# Wheel Exchange stealing photos



## Kaz (Dec 21, 2001)

atyclb said:


> get a load of this ebay auction
> 
> http://cgi.ebay.com/ebaymotors/ws/eBayISAPI.dll?ViewItem&category=6725&item=2475156601&rd=1


Works great as long as they're not stealing them then rehosting them themselves. :thumbup:


----------



## Clarke (Oct 21, 2002)

????????????WTF is going on with this?


----------



## BahnBaum (Feb 25, 2004)

Clarke said:


> ????????????WTF is going on with this?


Someone creates an ad for an ebay auction using a pic hosted on my site.
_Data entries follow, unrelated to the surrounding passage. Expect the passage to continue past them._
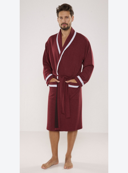 Чоловічий халат з коміром, що зав'язується на талії, кишені на стегнах. Склад: 79% бавовна, 17% полі..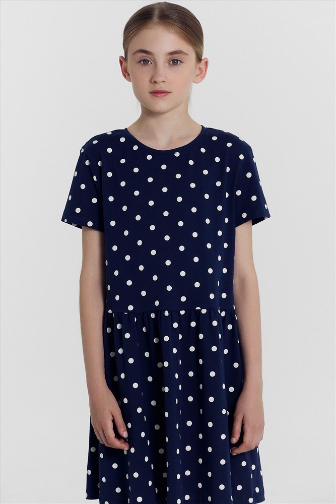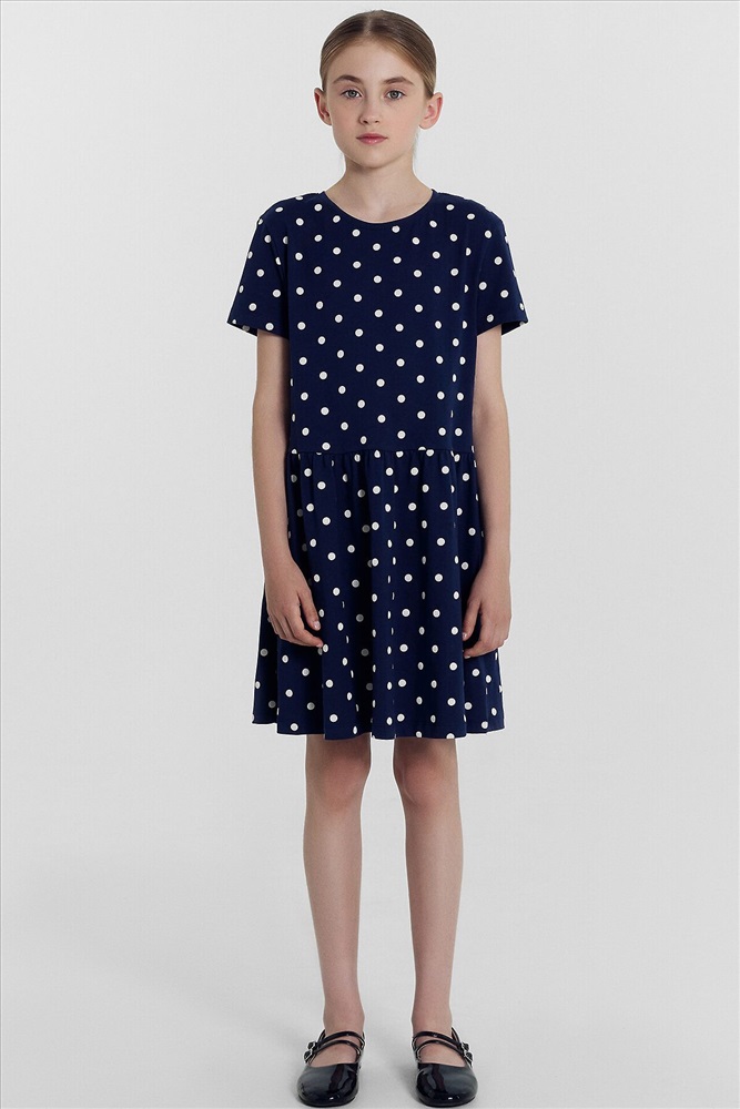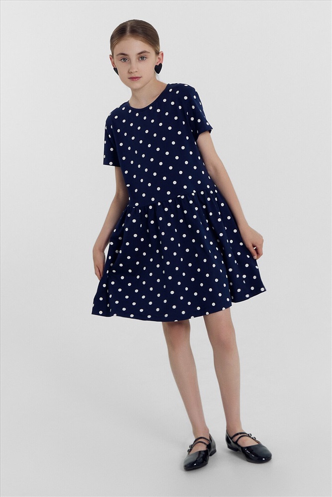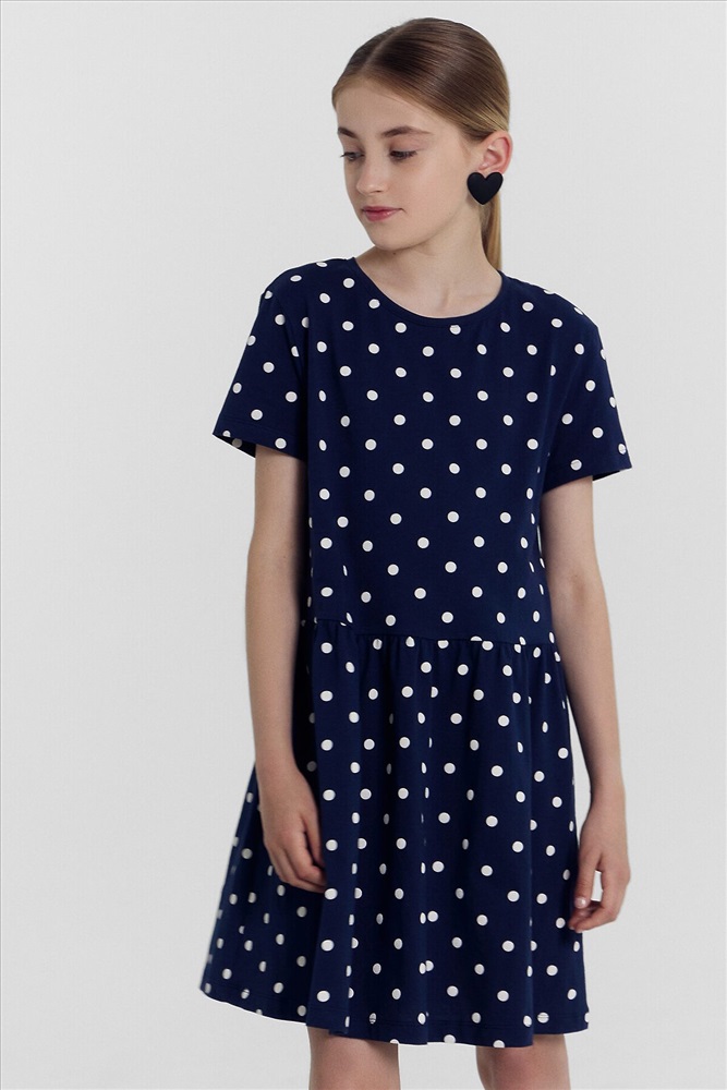 Страна бренда: Беларусь Стильное платье в сердечко, изготовленное из хлопковой трикотажной кулирки. Модель отрезная по линии талии, где проходят сборочки. Рукава короткий, с небольшими манжетами. Вырез круглый Длина платья выше колена. Отличный выбор для вашей девочки!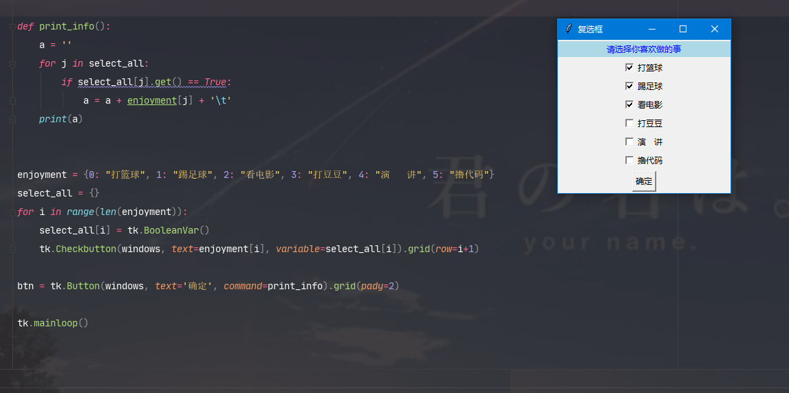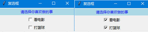 check_button_a = tk.Checkbutton(windows, text='看电影') check_button_a.grid(row=1) check_button_b = tk.Checkbutton(windows, text='打篮球') check_button_b.grid(row=2) tk.mainloop()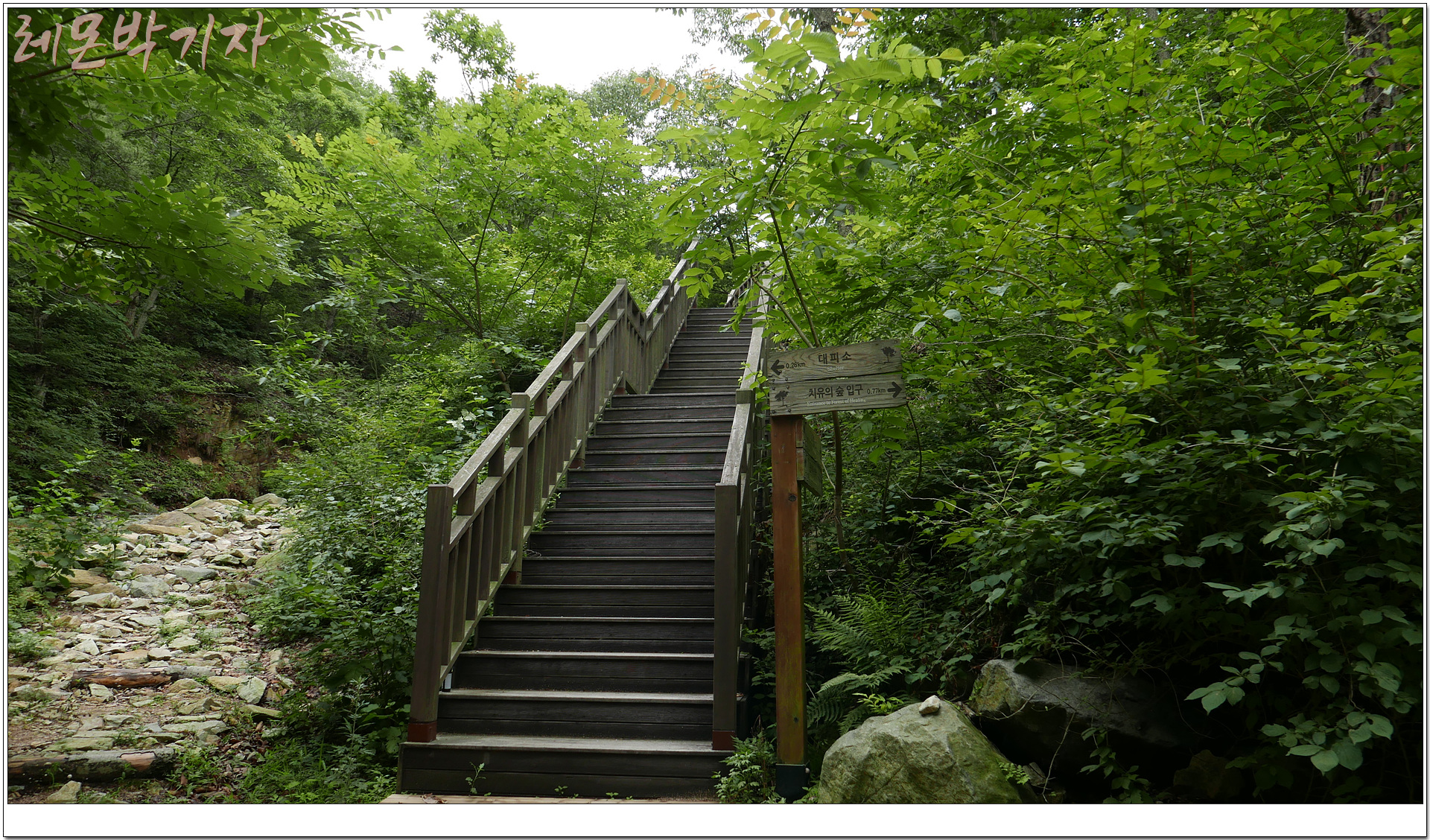 이제 저 계단을 따라 오르면 큰바위쉼터가 있다.

I get made, and replace the original stolen pic(s) with what you see in this auction. I get even.

Alex


----------



## DZeckhausen (Mar 11, 2003)

BahnBaum said:


> Someone creates an ad for an ebay auction using a pic hosted on my site. I get made, and replace the original stolen pic(s) with what you see in this auction. I get even.
> 
> Alex


Perfect!


----------



## DZeckhausen (Mar 11, 2003)

Those bastards did it again! This time they stole the photo of Paul Yodice's BMW 850Csi from the top of my E31 page.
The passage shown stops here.